River Scrolls
The River Scrolls began with a notebook full of drawings made by the Truckee River. Imagining them assembled into a long scroll form, about forty drawings were used to make the first large River Scroll at Magnolia Editions. Subsequent trips to other rivers, streams and fountains yielded different line qualities, and suggested other variations, from the minimal to the Baroque.
Donna Brookman 2013
Metamorphosis Large Prints
The larger Metamorphosis prints grew out of the process of working on the book, and suggest a vortex of transformation. They begin with fragments of old engravings and text that are collaged, drawn and painted, then made into photo-etching plates. Each image is hand-printed in an edition of ten.
Ragini
Beginning to explore the complex use of color, the energetic engagement of the painter with every detail of the natural world, made me realize that this tradition embodied a fundamentally different view of humans in the world. The world of miniatures is buzzing and blooming. Water swirls in the river, storms gather and burst; the landscape is fully alive.
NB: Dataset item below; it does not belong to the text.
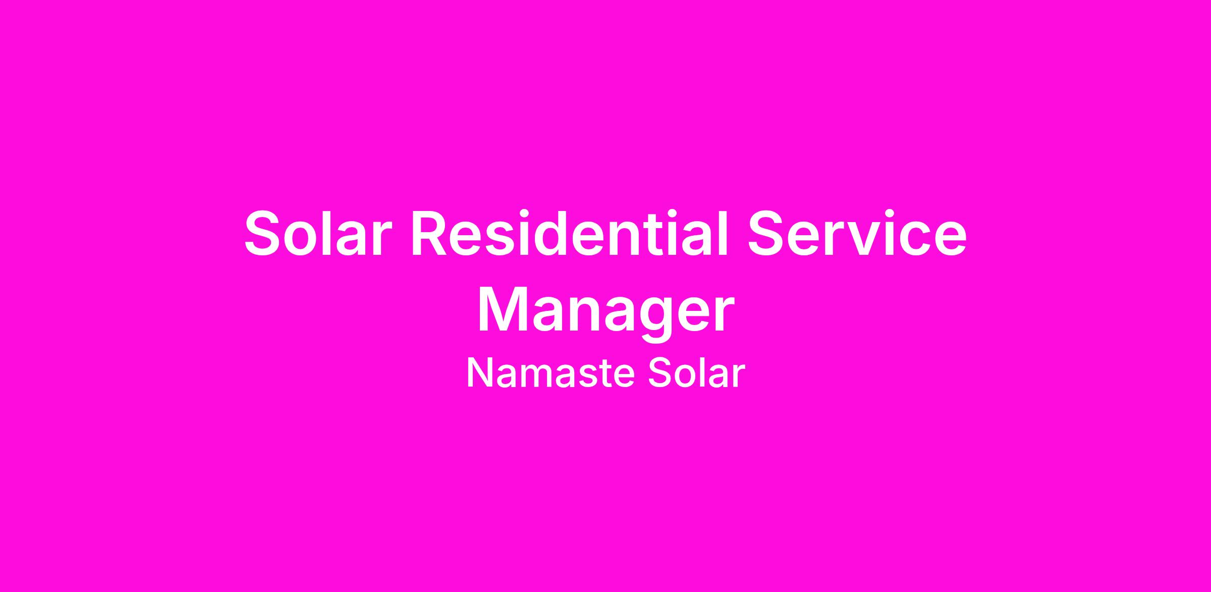 The Residential Service Manager is responsible for the day-to-day management of Namaste Solar's Residential Service team. This position ensures operational excellence, profitability, safety, and customer satisfaction while fostering a culture of quality. The role includes strategic planning, budgeting, KPI development, and close collaboration with the Director of Residential Operations to align departmental goals with company objectives.

Coming from a Northern European background, educated in minimalism and austerity, this was revelatory, and challenging. And yet it was aligned with my deepest intuition about the nature of reality, that it was fundamentally energetic and unified.
I remember when I first learned about atoms, and how much space existed within them. Solid form began to dematerialize before me and the world shifted. Form as a concentration of energy rather than an absolute became fundamental to my way of seeing.
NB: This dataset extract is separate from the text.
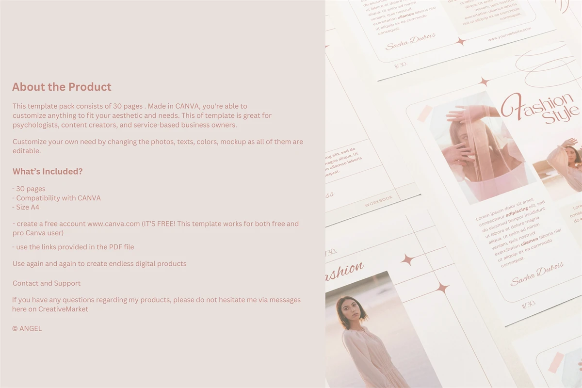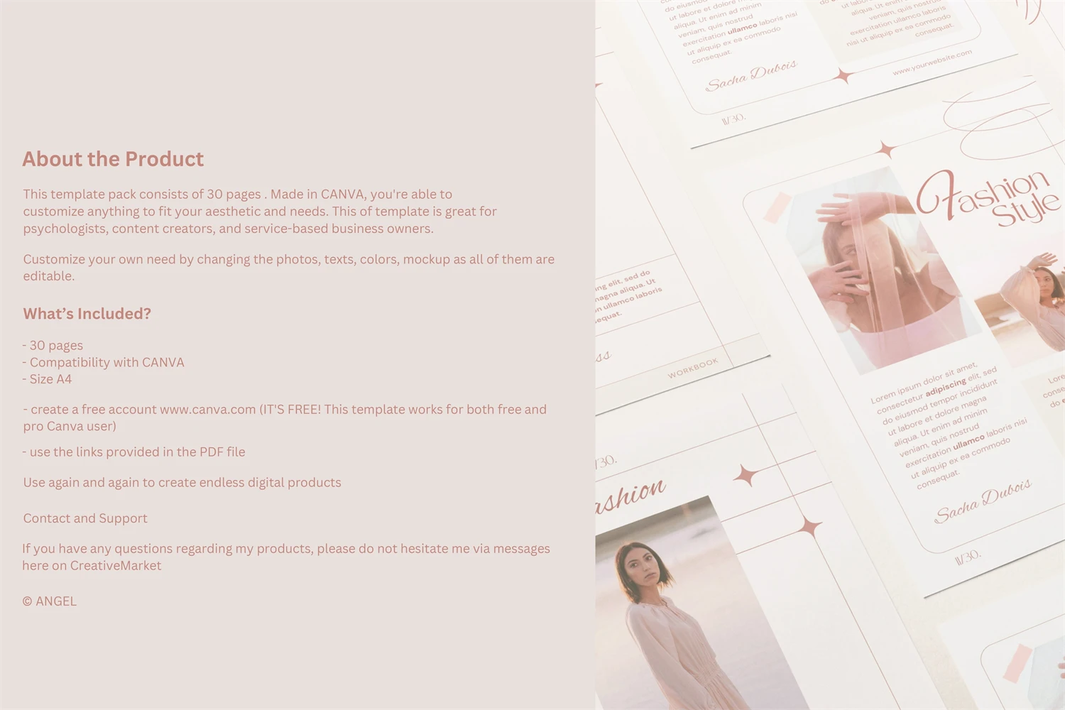 This template pack consists of 30 pages . Made in CANVA, you're able to customize anything to fit your aesthetic and needs. This of template is great for psychologists, content creators, and service-based business owners.

And music, always central to working in the studio, became more explicit in the work. Rhythmic complexity, theme and variations, musical concepts interpreted visually, suggest a more fundamental form of knowing the world. Unlike the western tradition of subject and background, which emphasizes man’s dominance over nature, the Ragini paintings depict a world in which we remember that we are integrated at the deepest level with all that surrounds us.